• _DATA EXCERPT_
- - - - - - -

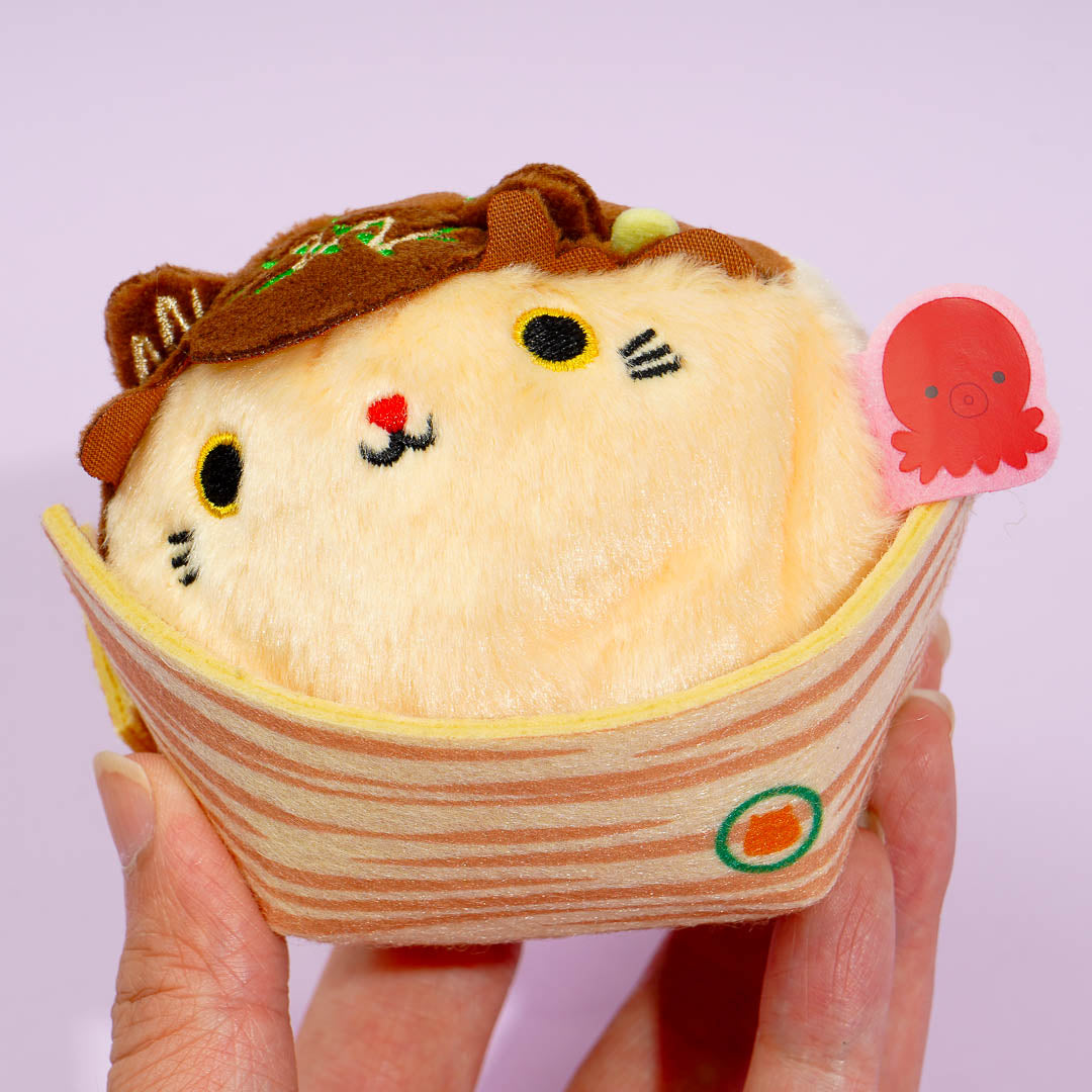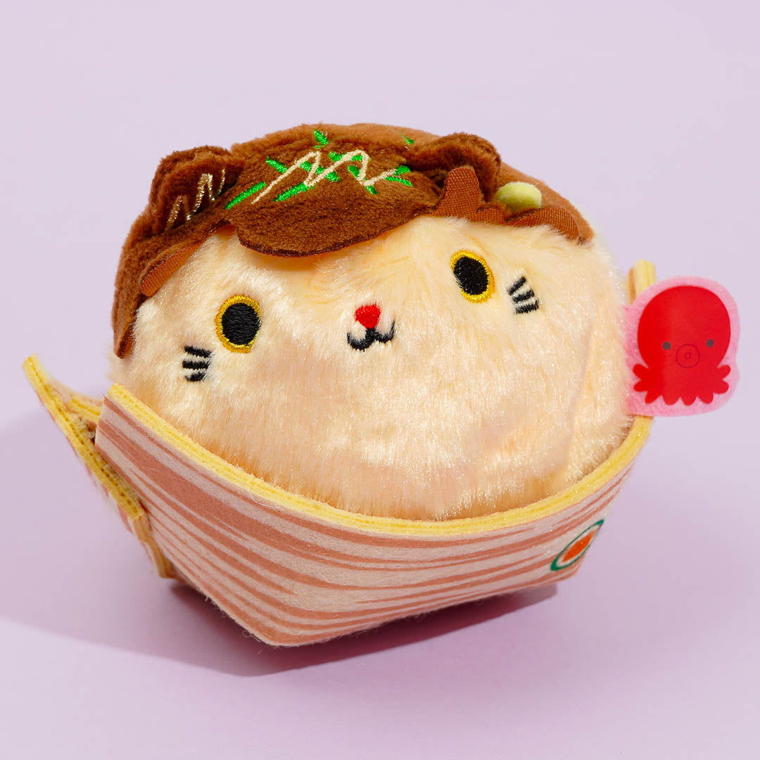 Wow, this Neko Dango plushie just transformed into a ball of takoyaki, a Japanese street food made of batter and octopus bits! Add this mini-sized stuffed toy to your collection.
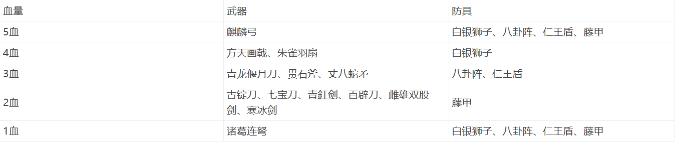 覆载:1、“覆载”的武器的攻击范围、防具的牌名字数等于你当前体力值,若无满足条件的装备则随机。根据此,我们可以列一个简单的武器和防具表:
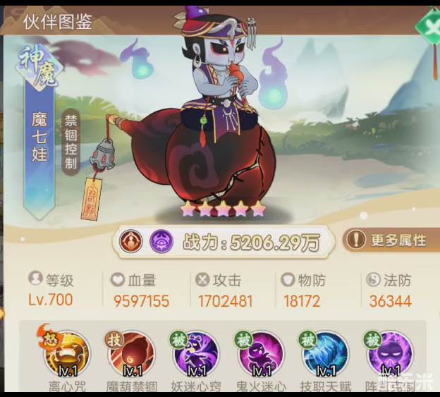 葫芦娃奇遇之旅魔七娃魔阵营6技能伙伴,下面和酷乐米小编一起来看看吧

- - - - - - -

• _TASK_
Pictures are not part of the copy. Please reproduce the material word for word.

• _RESPONSE FOR THIS EXERCISE_
 Wow, this Neko Dango plushie just transformed into a ball of takoyaki, a Japanese street food made of batter and octopus bits! Add this mini-sized stuffed toy to your collection.
 覆载:1、“覆载”的武器的攻击范围、防具的牌名字数等于你当前体力值,若无满足条件的装备则随机。根据此,我们可以列一个简单的武器和防具表:
 葫芦娃奇遇之旅魔七娃魔阵营6技能伙伴,下面和酷乐米小编一起来看看吧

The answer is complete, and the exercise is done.